Abstracts of papers published in 2023

Pattern Recognition

Correlated and individual feature learning with contrast-enhanced MR for malignancy characterization of hepatocellular carcinoma
Yunling Li, Shangxuan Li, Hanqiu Ju, Tatsuya Harada, Honglai Zhang, Ting Duan, Guangyi Wang, Lijuan Zhang, Lin Gu, Wu Zhou
XinyueHu23 Malignancy characterization of hepatocellular carcinoma (HCC) is of great importance in patient management and prognosis prediction.

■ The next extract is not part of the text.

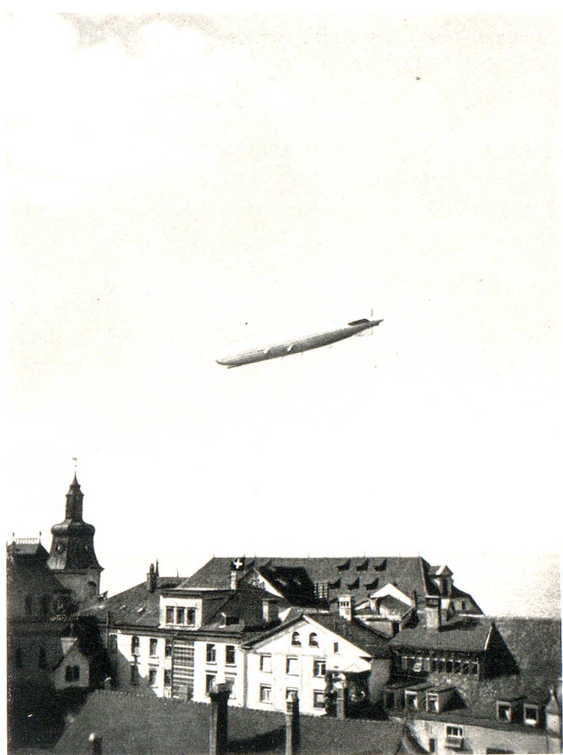
Zeppelin im Flug über Rorschach anlässlich der N.O.S.

Reiche» liessen deutsches Reisevolk zumeist auch nur bis an das deutsche Ufer kommen. Grenzübertrittsschwierigkeiten neuer und altgewohnter Art entvölkerten weiter die in den letzten Jahren schön ausgebauten Schiffe des schwäbischen Meeres für die Reisen in die Schweiz.

In this study, we propose an end-to-end correlated and individual feature learning framework to characterize the malignancy of HCC from Contrast-enhanced MR. From the phases of pre-contrast, arterial and portal venous, our framework simultaneously and explicitly learns both the shareable and phase-specific features that are discriminative to malignancy grades. We evaluate our method on the Contrast enhanced MR of 112 consecutive patients with 117 histologically proven HCCs. Experimental results demonstrate that arterial phase yields better results than portal vein and pre-contrast phase. Furthermore, phase specific components show better discriminant ability than the shareable components. Finally, combining the extracted shareable and individual features components has yielded significantly better performance than traditional feature fusion methods. We also conduct t-SNE analysis and feature scoring analysis to qualitatively assess the effectiveness of the proposed method for malignancy characterization.

SIGKDD Conference on Knowledge Discovery and Data Mining (KDD 2023)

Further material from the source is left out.